Your task: When you copy from the entries that follow, take only the lines from the one with "Во вторую книгу" down to the one with "This paper investigates", keeping both ends and dropping every picture.

Data shown:
'''

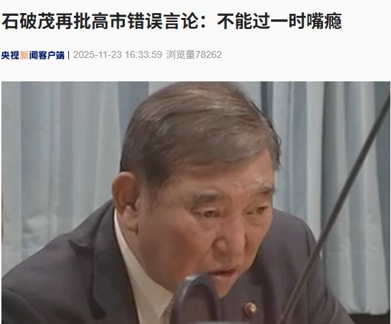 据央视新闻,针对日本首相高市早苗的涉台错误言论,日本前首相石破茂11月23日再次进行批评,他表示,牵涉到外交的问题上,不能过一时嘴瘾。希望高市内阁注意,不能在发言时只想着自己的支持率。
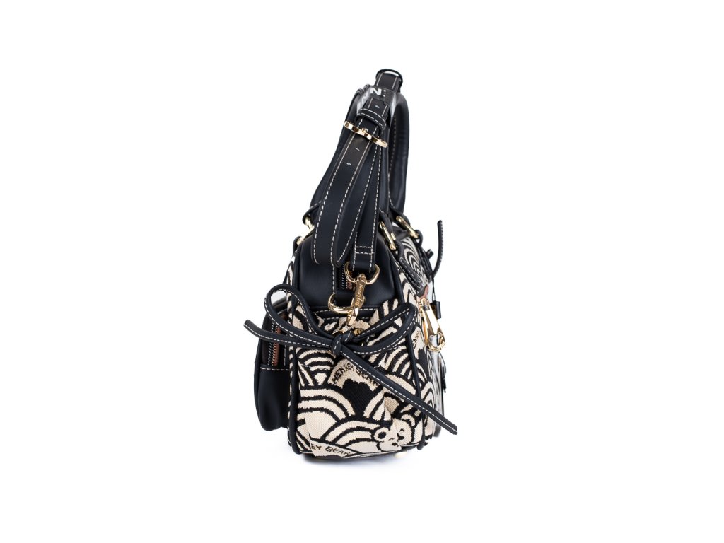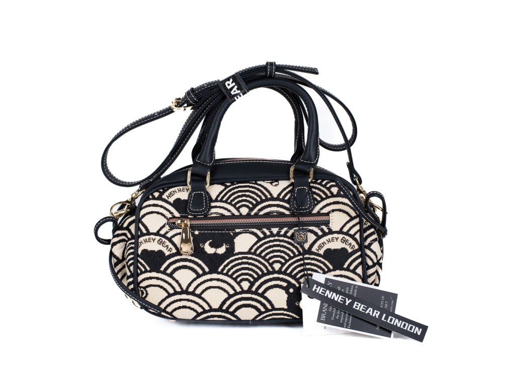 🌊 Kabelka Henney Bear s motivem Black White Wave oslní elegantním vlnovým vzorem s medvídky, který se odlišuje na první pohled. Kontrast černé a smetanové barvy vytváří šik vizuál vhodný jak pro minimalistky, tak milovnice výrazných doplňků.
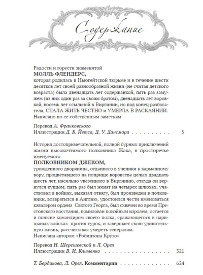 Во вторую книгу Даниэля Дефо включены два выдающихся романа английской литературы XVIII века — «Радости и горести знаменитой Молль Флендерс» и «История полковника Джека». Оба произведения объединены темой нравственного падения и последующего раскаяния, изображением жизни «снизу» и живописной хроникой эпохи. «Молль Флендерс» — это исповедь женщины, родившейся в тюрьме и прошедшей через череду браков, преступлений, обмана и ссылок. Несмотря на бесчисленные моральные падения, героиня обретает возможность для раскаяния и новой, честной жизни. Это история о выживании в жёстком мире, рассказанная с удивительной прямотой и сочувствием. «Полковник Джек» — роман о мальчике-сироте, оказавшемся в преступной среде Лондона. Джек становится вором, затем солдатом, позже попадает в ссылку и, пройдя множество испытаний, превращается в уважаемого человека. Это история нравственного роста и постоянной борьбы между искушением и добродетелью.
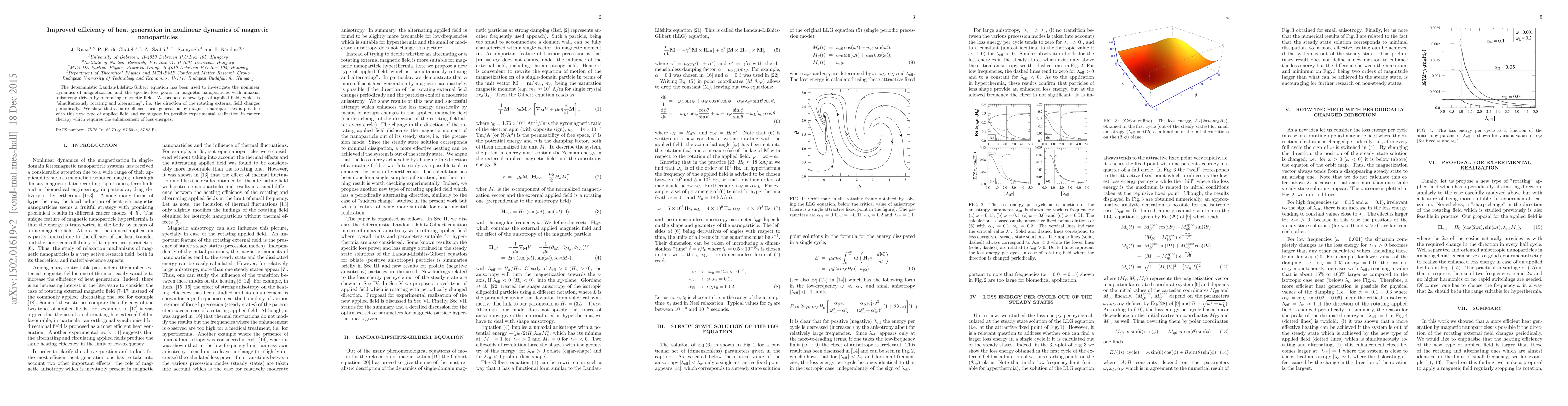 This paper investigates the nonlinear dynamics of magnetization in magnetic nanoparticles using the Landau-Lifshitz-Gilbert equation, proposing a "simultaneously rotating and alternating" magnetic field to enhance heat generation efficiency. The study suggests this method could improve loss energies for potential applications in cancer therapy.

'''
'''

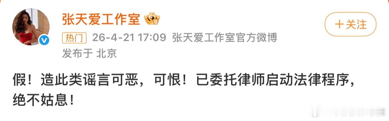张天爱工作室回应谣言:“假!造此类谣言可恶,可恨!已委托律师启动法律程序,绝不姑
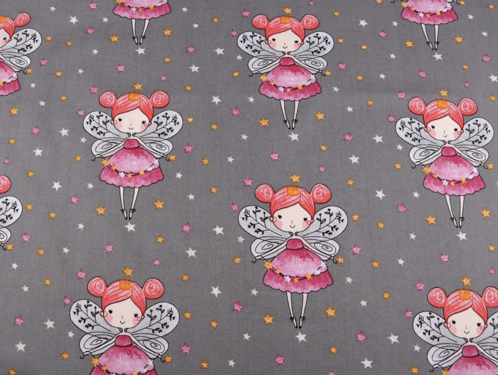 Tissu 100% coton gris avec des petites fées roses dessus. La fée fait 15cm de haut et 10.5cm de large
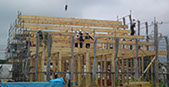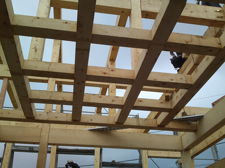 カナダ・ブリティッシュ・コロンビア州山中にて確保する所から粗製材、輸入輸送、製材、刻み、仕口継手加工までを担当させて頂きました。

'''

Solution for this exercise:
 Во вторую книгу Даниэля Дефо включены два выдающихся романа английской литературы XVIII века — «Радости и горести знаменитой Молль Флендерс» и «История полковника Джека». Оба произведения объединены темой нравственного падения и последующего раскаяния, изображением жизни «снизу» и живописной хроникой эпохи. «Молль Флендерс» — это исповедь женщины, родившейся в тюрьме и прошедшей через череду браков, преступлений, обмана и ссылок. Несмотря на бесчисленные моральные падения, героиня обретает возможность для раскаяния и новой, честной жизни. Это история о выживании в жёстком мире, рассказанная с удивительной прямотой и сочувствием. «Полковник Джек» — роман о мальчике-сироте, оказавшемся в преступной среде Лондона. Джек становится вором, затем солдатом, позже попадает в ссылку и, пройдя множество испытаний, превращается в уважаемого человека. Это история нравственного роста и постоянной борьбы между искушением и добродетелью.
 This paper investigates the nonlinear dynamics of magnetization in magnetic nanoparticles using the Landau-Lifshitz-Gilbert equation, proposing a "simultaneously rotating and alternating" magnetic field to enhance heat generation efficiency. The study suggests this method could improve loss energies for potential applications in cancer therapy.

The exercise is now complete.